I suppose there’s a lesson here for guides, too, but it’s not place to teach it. Instead, I’ve become a more philosophical client—at least on the inside—and a better judge of what I’m dealing with when I get in the boat.

And sometimes, as Kirk noted from his perspective as a guide, it’s better to just shut up and fish. Using this philosophy, guides have helped me catch permit, pike, bonefish, tarpon, snook and trout from the boreal forests of the sub-Arctic to the tropics of the Caribbean.
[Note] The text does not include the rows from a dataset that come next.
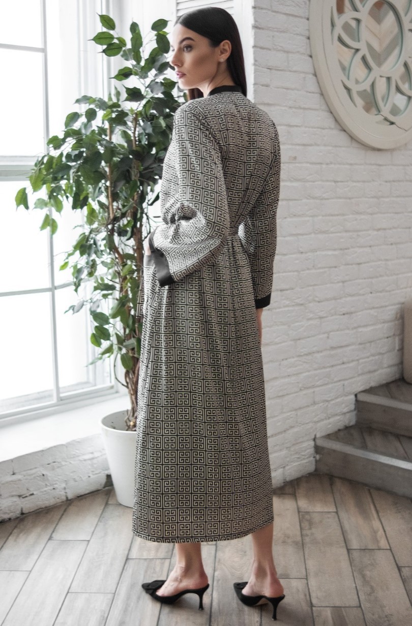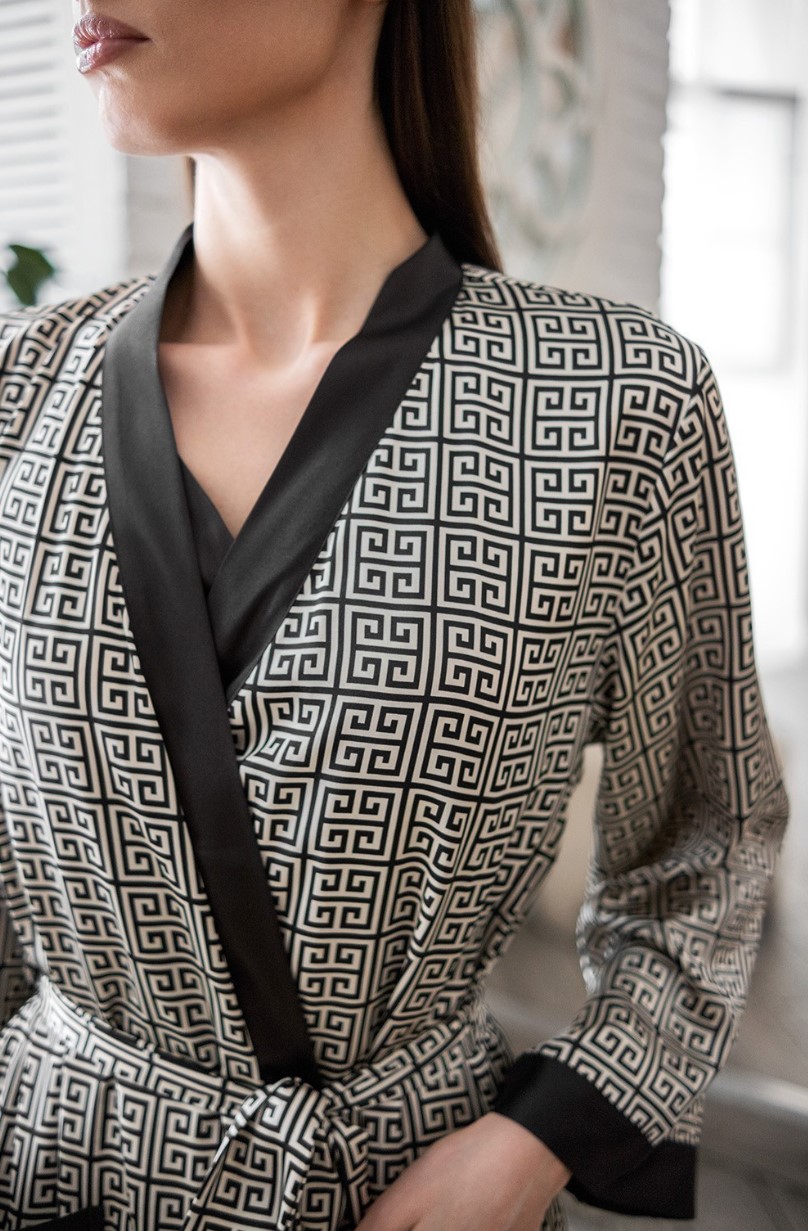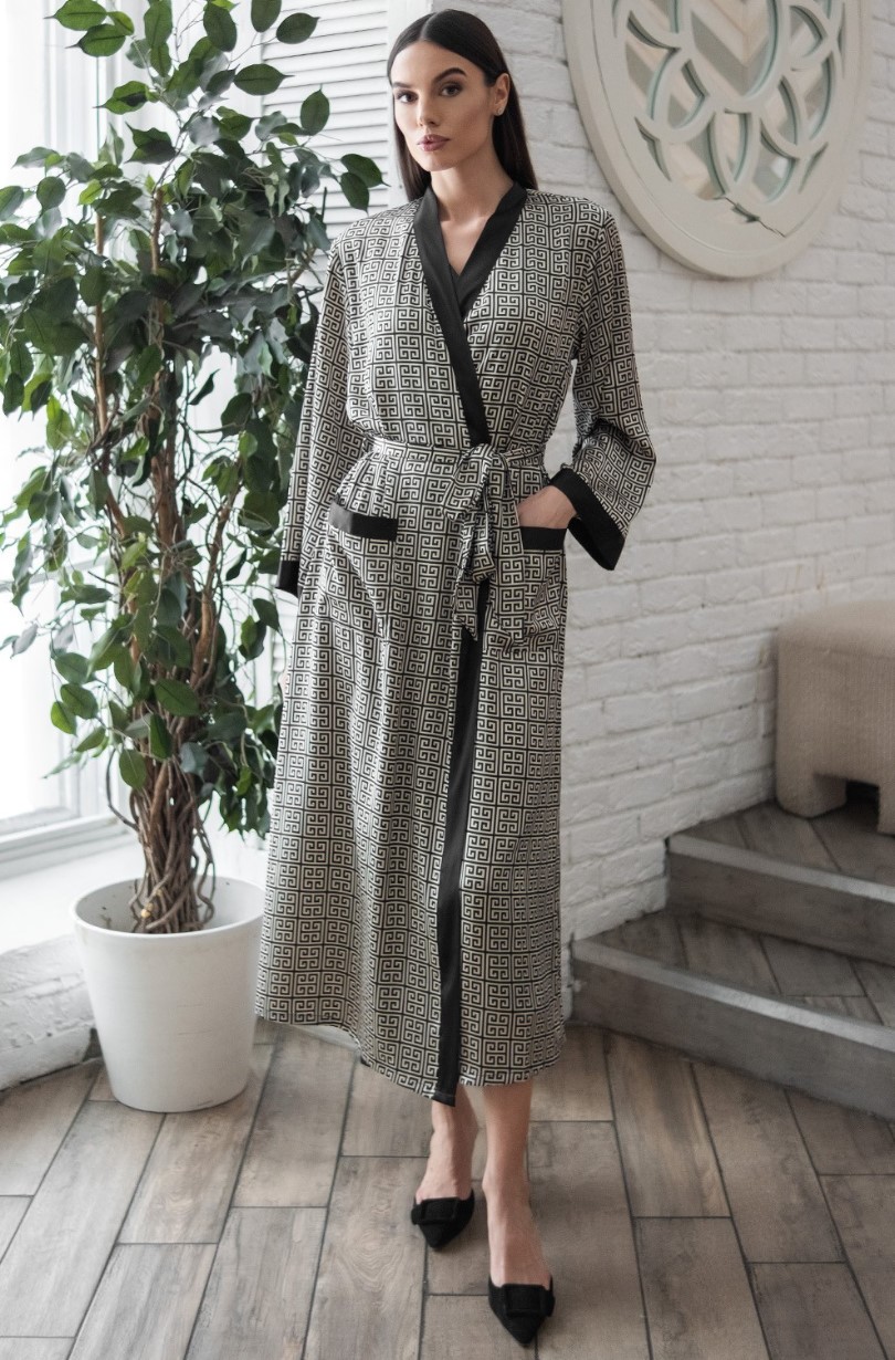 Длинный халат-кимоно Mia-Amore с длинным рукавом. Халат выполнен из принтованного смесового шелка с однотонной отделкой. На полочках расположены накладные карманы.
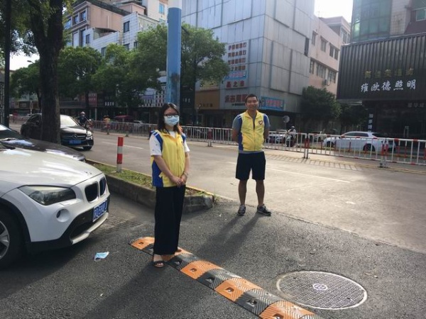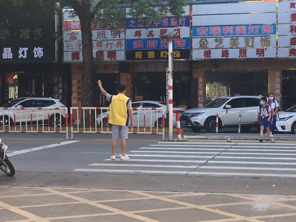 家長志愿者服務隊站立在學校各個出入口執勤,“同學下車請家長駕車離開,” “小同學不要跑小心慢走,”“家長們請往后站站”“請同學們走路注意腳下,不要擠”……志愿者服務隊一邊耐心地向家長進行善意的提醒、勸導,一邊和老師照看放學的孩子。
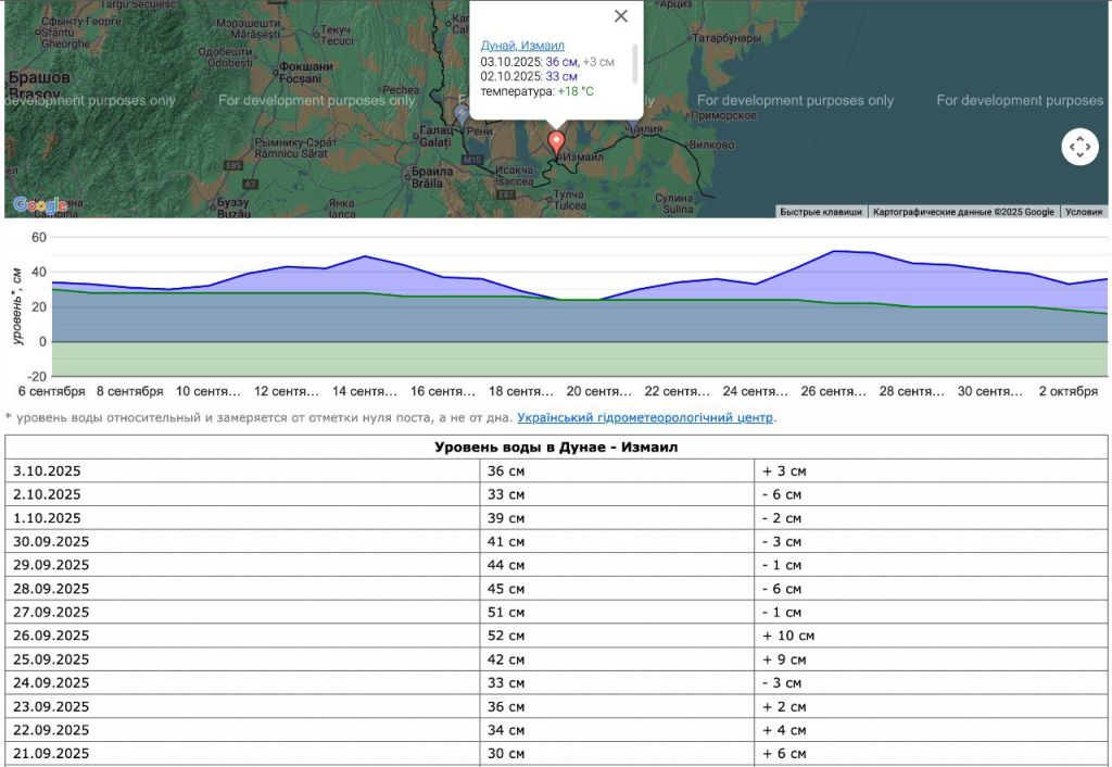 Таким чином, за тиждень рівень води в Дунаї в Ізмаїлі коливався від 33 до 51 см, що свідчить про динамічні зміни водного режиму річки.
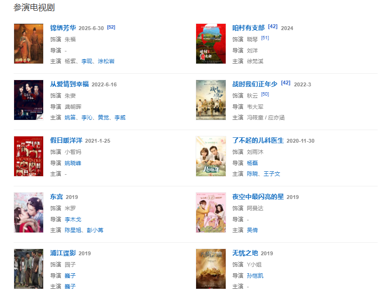 2025年6月23日,參加的《我們的宿舍》播出。6月30日,出演的電視劇《錦繡芳華》播出。
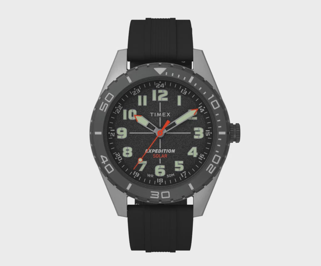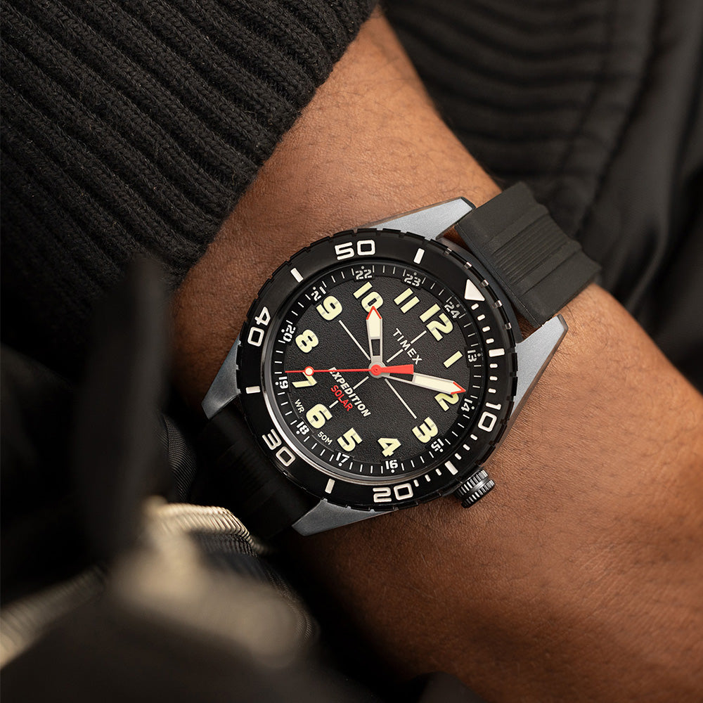 Featuring a Japanese solar-powered movement that lasts up to 4 months and eliminates the need for battery changes, our Expedition® Field Solar is a military-inspired outdoor watch made to accompany you anywhere. It also boasts a rugged two-piece 43mm metal case, 50m water resistance rating, and a soft, black silicone strap. And thanks to the luminescent hands and dial markings, the sun works overtime to make this watch legible in the dark.
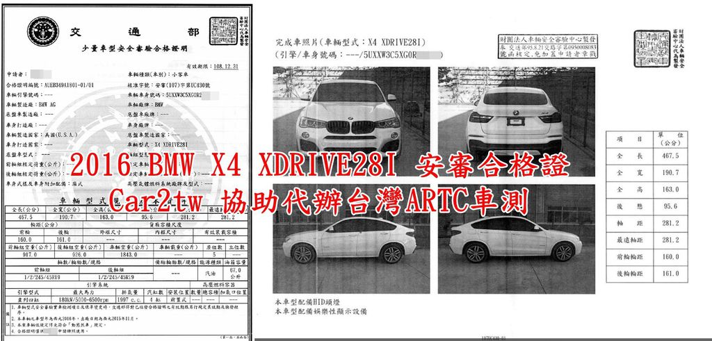 下圖為2016 BMW X4 XDRIVE28I安審合格證,從美國紐約運回台灣的2016 BMW X4 XDRIVE28I這台車是台南王大哥住在美國波士頓買的車,運回台灣是為了給家人來使用,
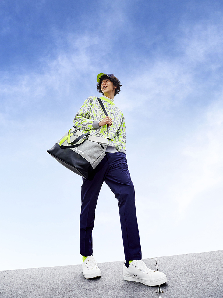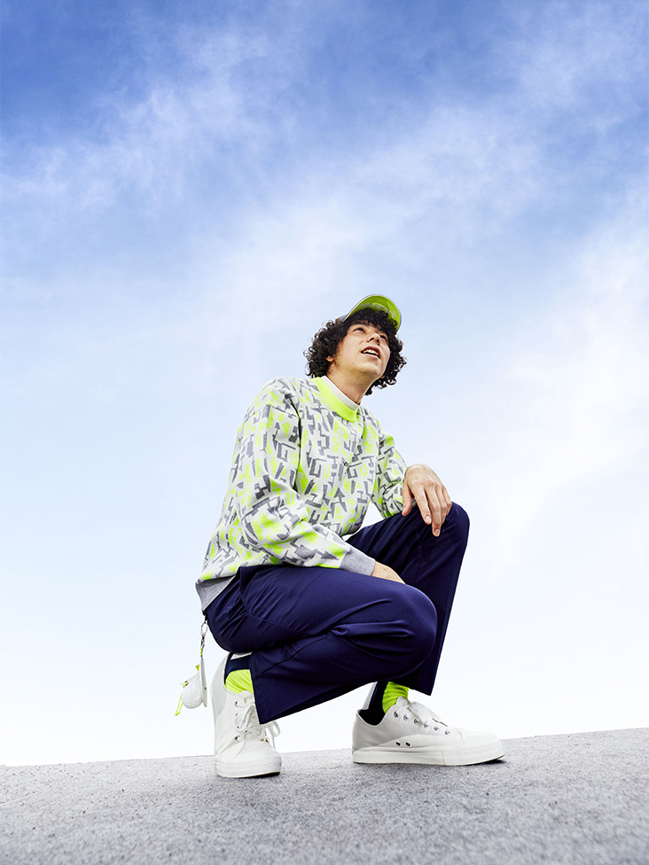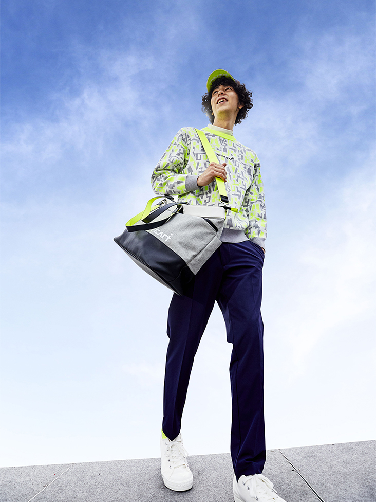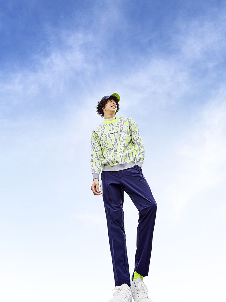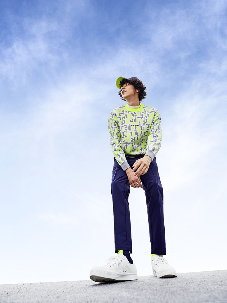 入り組んだジャガード柄で作られたタイポグラフィー柄はまるで迷路を冒険するようなグラフィック。ネオンカラーでブロッキングされた見え感が取り入れやすいモード感とストリートのエッセンスを演出する秋の代表スタイリングです。
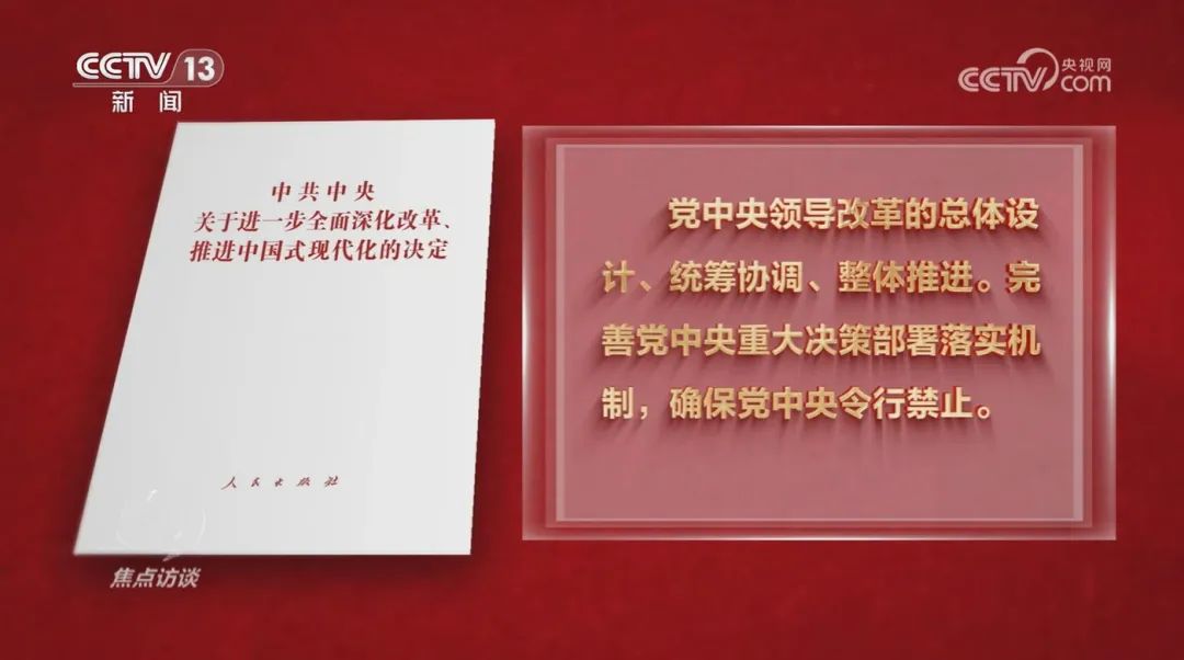 《决定》提出:党中央领导改革的总体设计、统筹协调、整体推进。完善党中央重大决策部署落实机制,确保党中央令行禁止。
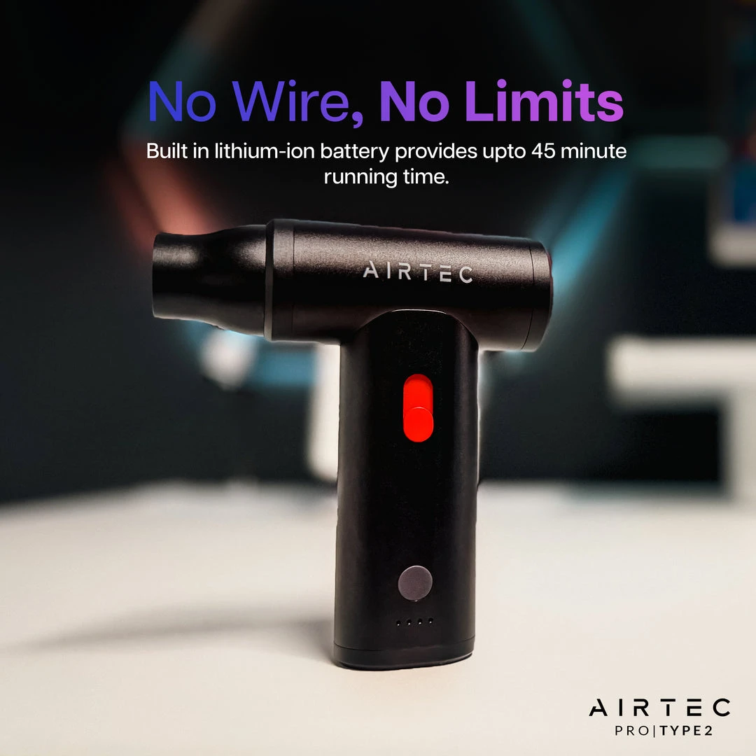 The AirTec Type 2 uses a built-in lithium-ion battery which provides up to 40 minutes of continuous power from a single charge. With no wires holding you back, AirTec is perfect for cleaning anywhere. Simply re-charge using the Type C USB cable when needed.

“Shut up and fish.” Words to fish by.

Comments

Thanks for an interesting article. I have experienced most of the same types of guides that you mentioned in your article. One Orvis endorsed guide was very frustrated with me and got angry because I could not cast 90 feet into a stiff wind with an 8 wt when we were chasing spooky reds in the Jacksonville FL area. What the guide missed was that he diminished my experience not because I didn't catch fish but because of his crappy attitude. I don't agree with your premise that you should "Shut up and Fish" It should be the guides responsibility to determine what kind of fisherperson you are and tailor their approach to maximize your enjoyment. After all, the person that hired the guide is the customer. I would say roughly 50 percent of the guides I have experienced could use some improvement in their customer service skills.

I agree with the above comment, I also have fished with all types of guides, some were an absolute ball to fish with even though it was a slow day on the water, others were surly enough that even though it was a good day for catching, I was ready to get off the boat by lunch time.

Sometimes catching fish is secondary to getting away from call reports, bumper to bumper traffic for hours on end and missed delivery date phone calls.